Vous auriez tort d’imaginer que ce vacarme de couleurs rime à rien. C’est même tout le contraire. Un matin, dans cette clarté de la décision, Pramod Prakash plonge au fond de lui-même une lame colorée. Il en ressort avec l’évidence que la conscience de soi est une illusion. Le peintre indien ne cesse ensuite de l’affirmer, toile après toile, et le mouvement qu’il impulse rend le tourbillon plus puissant encore. Nous ne sommes qu’éphémères, un point invisible dans un univers qui l’est tout autant. Invisible et momentané.
« Incarnation » est en cela une œuvre importante qui évoque un commencement possible au cycle des métamorphoses.

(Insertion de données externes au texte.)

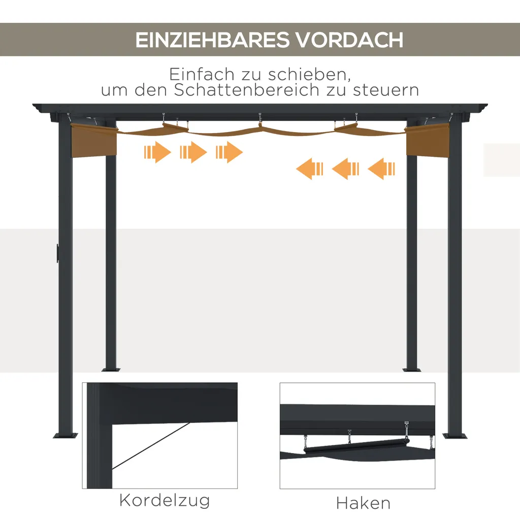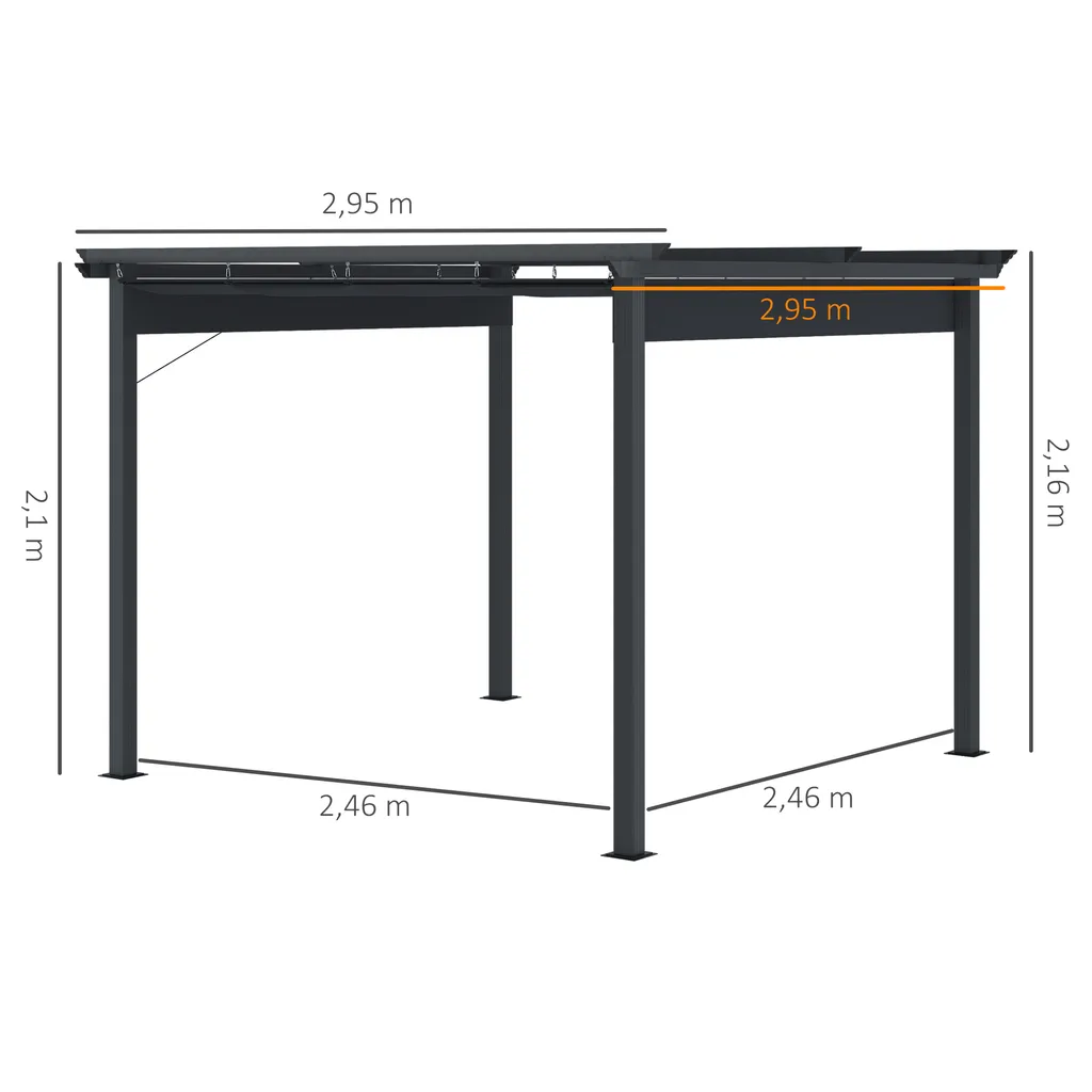 Outsunny Pergola 2,95 X 2,95 M Pavillon Terrassenüberdachung Mit Schiebedach Aluminium Polyester Grau

Regardez avec attention. Un homme animal, dont on devine le squelette, doucement se relève. Des oiseaux l’entourent. Des roues tournent et contribuent au déplacement. Il dresse la tête, ses babines retroussées. Sans doute interroge-t-il un dieu. Parce que les dieux n’ont que ça à faire, d’assister à la naissance de l’infime.
« La vie humaine est une entité abstraite, dans un bouillonnement d’idées. Mes œuvres dépeignent ce questionnement par l’introspection de moi-même, à la lumière d’un monde qui se gâche par la tromperie, la déloyauté et la nature guerrière », écrit-il dans une introduction à ce travail. Peindre le naufrage dont personne n’a conscience et pour cela, trouver les gestes et les couleurs qui disent le chaos.
Au contraire de son travail sur Dambad (voir en annexe), Pramod Prakash use ici d’une palette éclatante. Il le dit, c’est un magma d’idées et de frictions, la proximité de tous les contraires, un jaillissement qui déjà n’existe plus. Des rouges qui soufflent comme des bourrasques, et puis du jaune, beau comme le soufre, mais surtout une gestuelle qui relève parfois de l’écriture, tant elle use du trait, balaie, rassemble et éparpille les hypothèses. Au milieu de ce capharnaüm, l’homme peine à se redresser. D’ailleurs le peut-il ? Et cette question vient aux lèvres du peintre : peut-être de revenir en arrière et rentrer dans d’autres enveloppes. Moins bruyante, moins humaine, la carcasse oubliée de ce qui nous précède.
« La vie humaine est une entité abstraite, dans un bouillonnement d’idées. Mes œuvres dépeignent ce questionnement par l’introspection de moi-même, à la lumière d’un monde qui se gâche par la tromperie, la déloyauté et la nature guerrière » Pramod Prakash
,

» Incarnation » technique mixte ( Acrylique , huile et pastels gras), 1, 52 x 1, 52m, 2022.
Roger Calmé (ZO mag’)
Photos : Pramod Prakash
Repères :
Pramod Prakash est né en 1968, à Ulao, District de Begusarai, Bihar. Il est diplômé des Beaux-arts (master de peinture) de l’ Université Maharaja Sayajirao Rao, Baroda, Gujarat.